The problem. Restate, word for word and with no pictures, the stretch of lines in the data below that begins at the line with "Эта струящаяся блузка-туника" and ends at the line with "米度丽 孕妇裤子夏季薄款孕妇打底裤外穿春秋大码长裤托腹裤子鲨鱼裤秋装 777-小猫款", inclusive.

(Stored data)
---

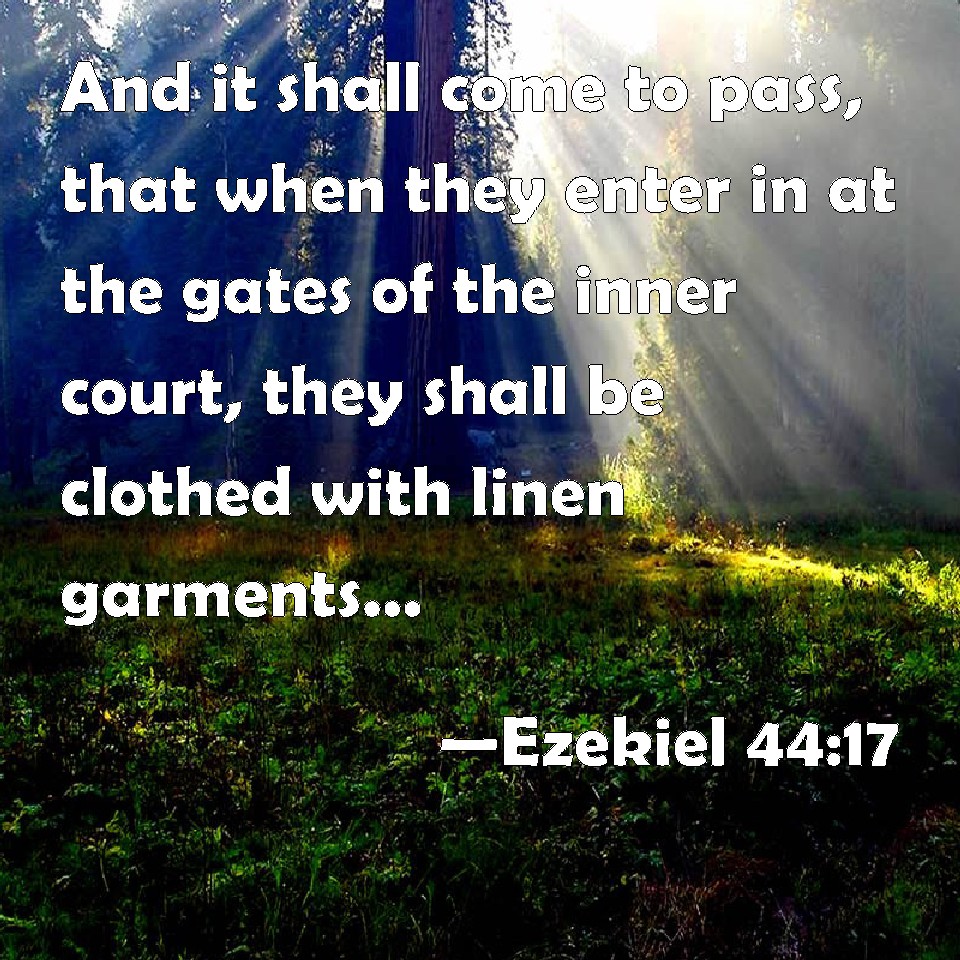 Choose a Background Ezekiel 44:17 And it shall come to pass, that when they enter in at the gates of the inner court, they shall be clothed with linen garments; and no wool shall come on them, whiles they minister in the gates of the inner court, and within. KJV: And it shall come to pass, that when they enter in at the gates of the inner court, they shall be clothed with linen garments; and no wool shall come upon them, whiles they minister in the gates of the inner court, and within. DRB: And when they shall enter in at the gates of the inner court, they shall be clothed with linen garments: neither shall any woollen come upon them, when they minister in the gates of the inner court and within. DBT: And it shall come to pass when they enter in at the gates of the inner court, they shall be clothed with linen garments; and no wool shall come upon them, when they minister in the gates of the inner court, and towards the house. ERV: And it shall be that when they enter in at the gates of the inner court, they shall be clothed with linen garments; and no wool shall come upon them, whiles they minister in the gates of the inner court, and within. WBT: And it shall come to pass, that when they enter in at the gates of the inner court, they shall be clothed with linen garments; and no wool shall come upon them, while they minister in the gates of the inner court, and within. WEB: It shall be that, when they enter in at the gates of the inner court, they shall be clothed with linen garments; and no wool shall come on them, while they minister in the gates of the inner court, and within. YLT: And it hath come to pass, in their going in unto the gates of the inner court, linen garments they put on; and no wool cometh up on them in their ministering in the gates of the inner court and within.Links Ezekiel 44:17 NIV • Ezekiel 44:17 NLT • Ezekiel 44:17 ESV • Ezekiel 44:17 NASB • Ezekiel 44:17 KJV • Ezekiel 44:17 Interlinear • Ezekiel 44:17 Commentaries • Ezekiel 44:17 Parallel Texts • Ezekiel 44:17 Bible Apps • Ezekiel 44:17 Parallel • Bible Hub |
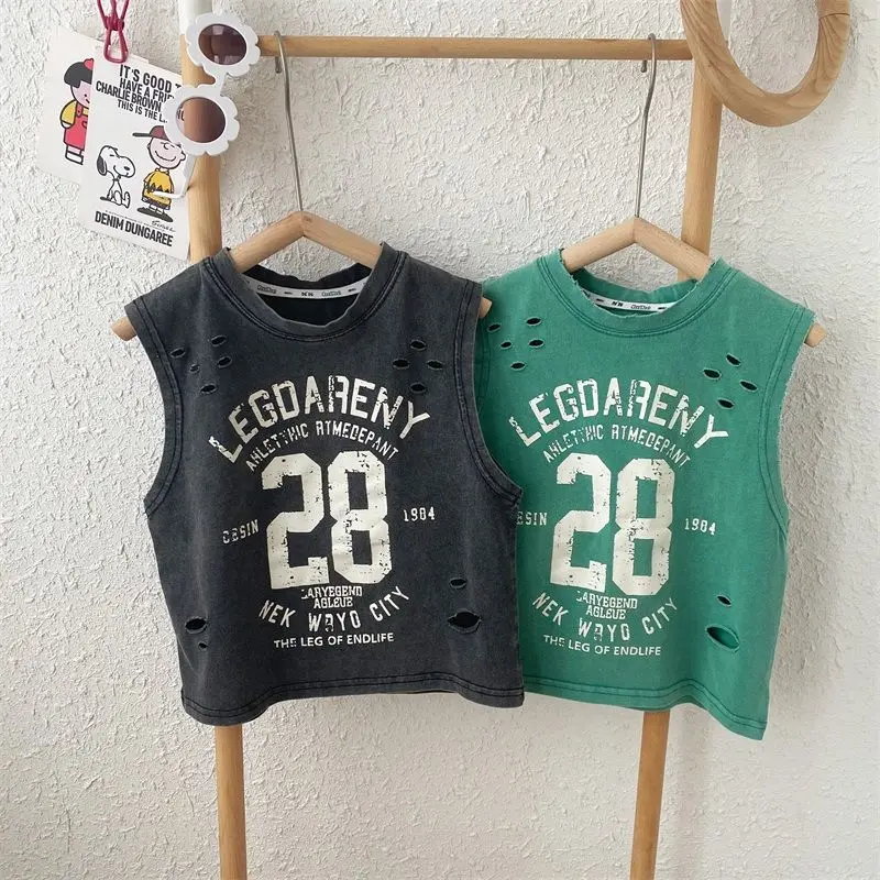 Summer Handsome Boys New Worn Black Pure Cotton Sleeveless Perforated T-shirt Loose Style Baby Tank Top
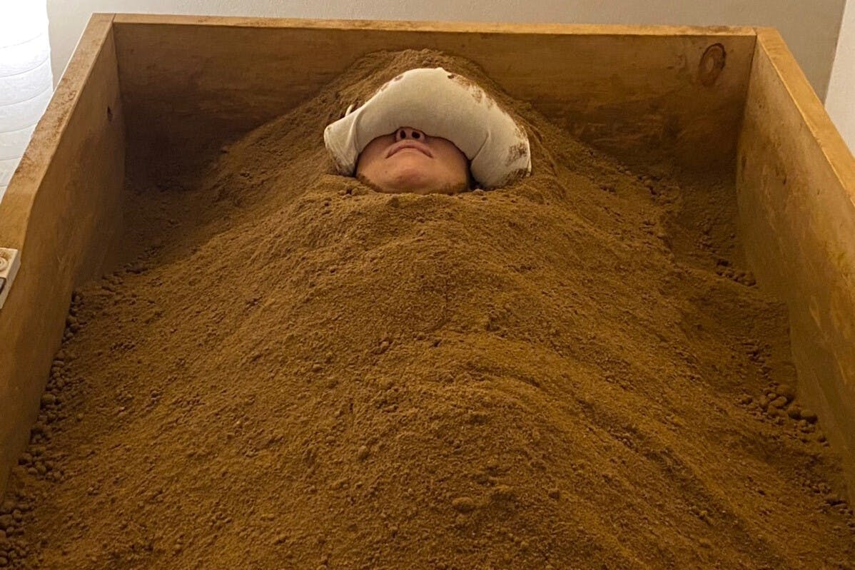 仰向けで15分、うつ伏せで15分入るだけで体の芯から温まる薬草酵素温浴。サラサラの汗がもたらす爽快感を、次はあなた自身でぜひ試してみてください!
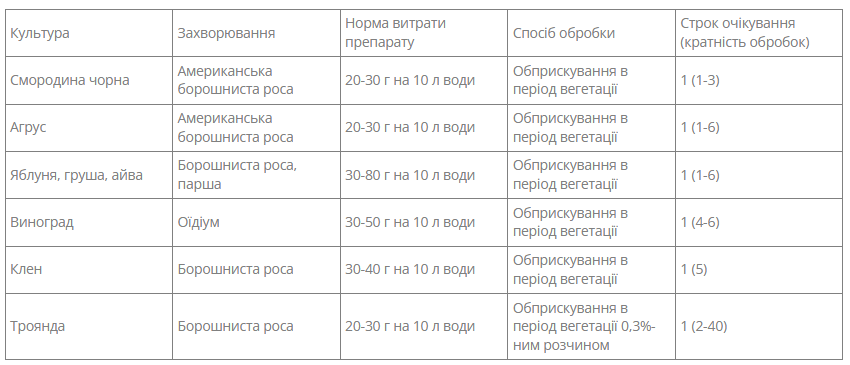 ◾ Призначення: від борошнистої роси, парші, антракнозу, оїдіуму, фітофторозу та інших поширених
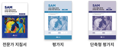 SAM 단축형 평가지는 빠른 스크리닝에 적합하도록 SAM 평가지의 문항을 추출하여 구성되었습니다. 한 눈에 가해자를 평가를 확인하기 편하며, 빠르고 간편하게 스토킹 위험성 평가할 수 있습니다.
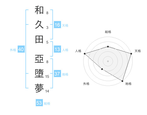 和久田 亞墮夢さんの総格は53画の3点!
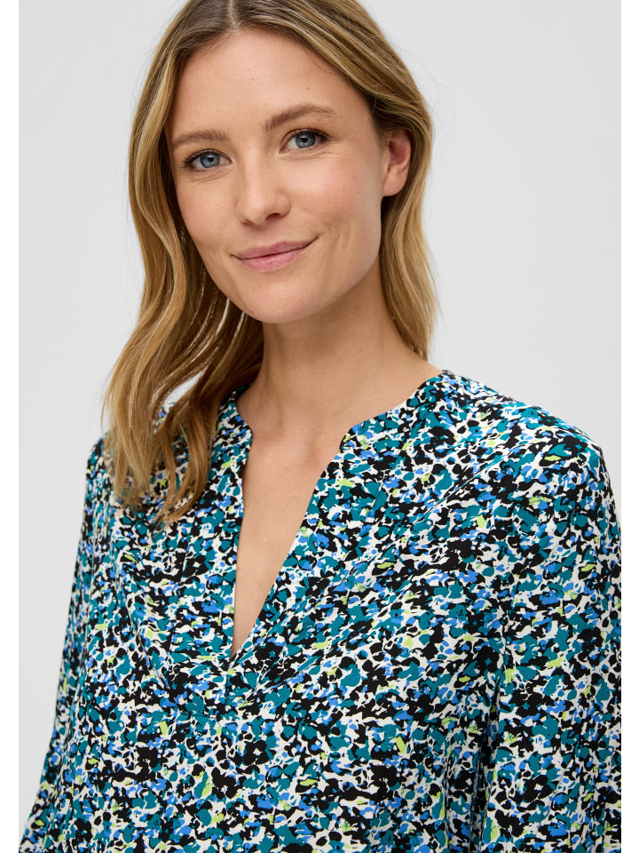 Эта струящаяся блузка-туника с абстрактным принтом по всей поверхности сочетает в себе женственное очарование и непринужденный повседневный стиль. Вырез горловины, рукава три четверти с манжетами и закругленный низ создают непринужденный образ на каждый день.
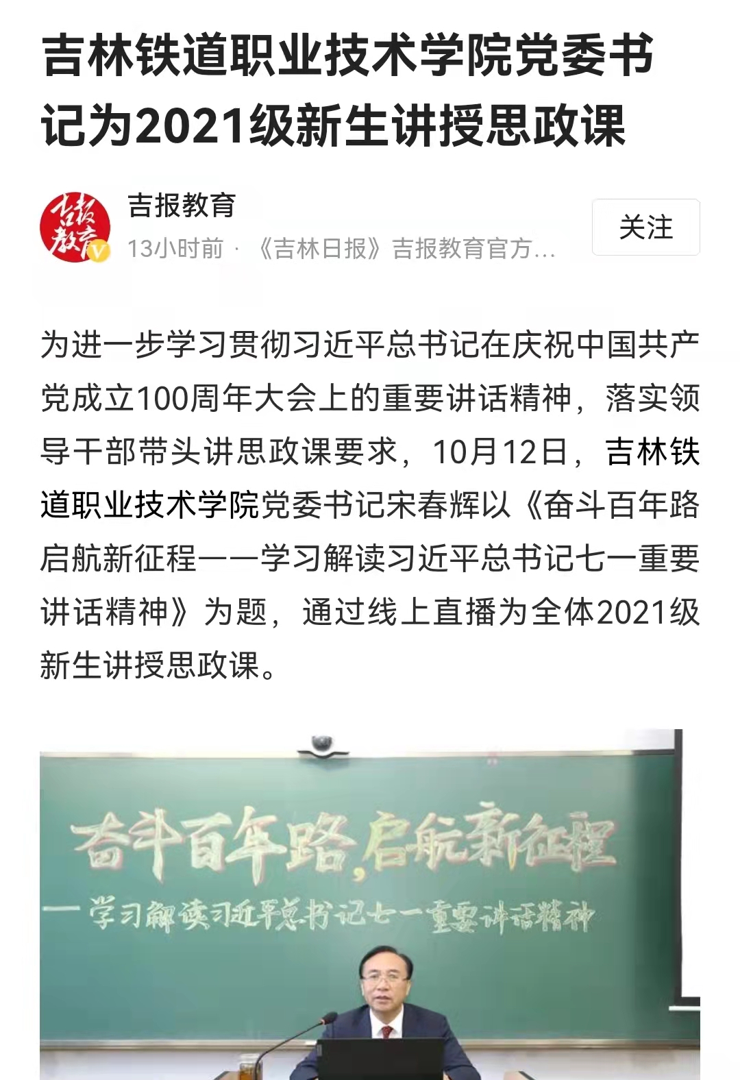10月15日,【今日头条】“吉报教育”以“吉林铁道职业技术学院党委书记为2021级新生讲授思政课”为题对我校进行了报道。
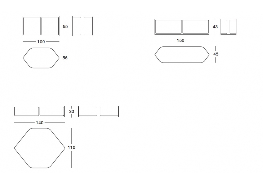 | Abmessungen | 150 x 45 x H 43 cm; 100 x 56 x H 55 cm; 140 x 110 x H 30 cm. |
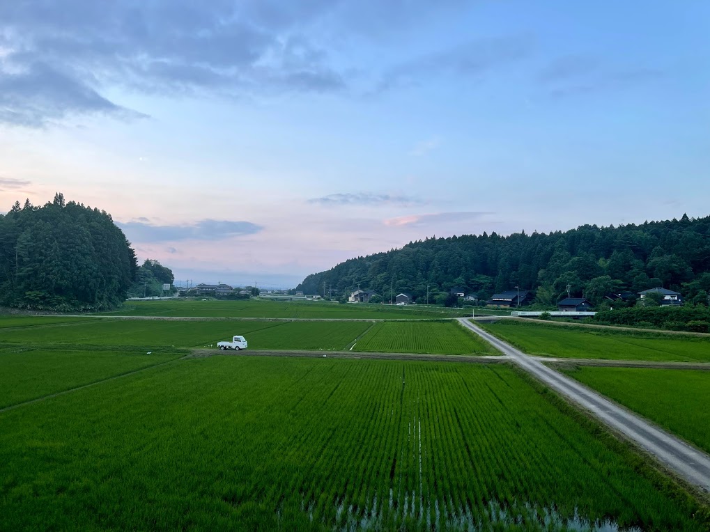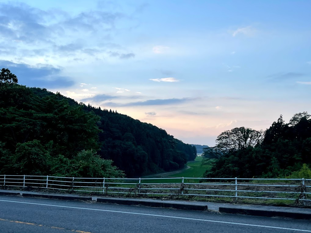 遠くに見える赤浦潟とその上空の綺麗な夕焼け空
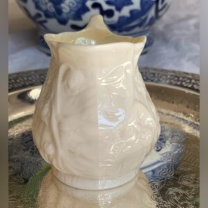 Belleek Ireland vintage sugar and creamer set. Ivory porcelain floral pattern with Belleek signature yellow luster finish inside. Marks on the bottom are the 5th mark stamp, second green, which was produced from 1955-65.
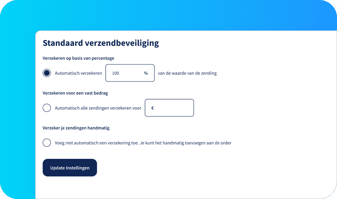 Kies ervoor al je pakketten standaard te verzekeren door Shipment Protection powered by XCover te selecteren.
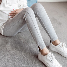 米度丽 孕妇裤子夏季薄款孕妇打底裤外穿春秋大码长裤托腹裤子鲨鱼裤秋装 777-小猫款 浅灰色 L
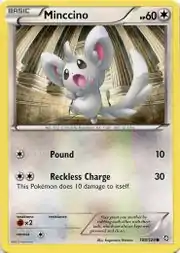Minccino (Japanese: チラーミィ Chillarmy) is a Colorless-type Basic Pokémon card. It is part of the Dragons Exalted expansion.
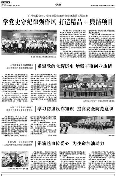 广东建设报讯 记者王亚雯,通讯员黄祖军、吴浪报道:4月19日,广州铁路投资建设集团有限公司联合广东华隧建设集团股份公司,组织广州铁路交通枢纽各工程项目施工、监理等16家共建单位,举办了“学党史

---

Exercise solution.
 Эта струящаяся блузка-туника с абстрактным принтом по всей поверхности сочетает в себе женственное очарование и непринужденный повседневный стиль. Вырез горловины, рукава три четверти с манжетами и закругленный низ создают непринужденный образ на каждый день.
10月15日,【今日头条】“吉报教育”以“吉林铁道职业技术学院党委书记为2021级新生讲授思政课”为题对我校进行了报道。
 | Abmessungen | 150 x 45 x H 43 cm; 100 x 56 x H 55 cm; 140 x 110 x H 30 cm. |
 遠くに見える赤浦潟とその上空の綺麗な夕焼け空
 Belleek Ireland vintage sugar and creamer set. Ivory porcelain floral pattern with Belleek signature yellow luster finish inside. Marks on the bottom are the 5th mark stamp, second green, which was produced from 1955-65.
 Kies ervoor al je pakketten standaard te verzekeren door Shipment Protection powered by XCover te selecteren.
 米度丽 孕妇裤子夏季薄款孕妇打底裤外穿春秋大码长裤托腹裤子鲨鱼裤秋装 777-小猫款 浅灰色 L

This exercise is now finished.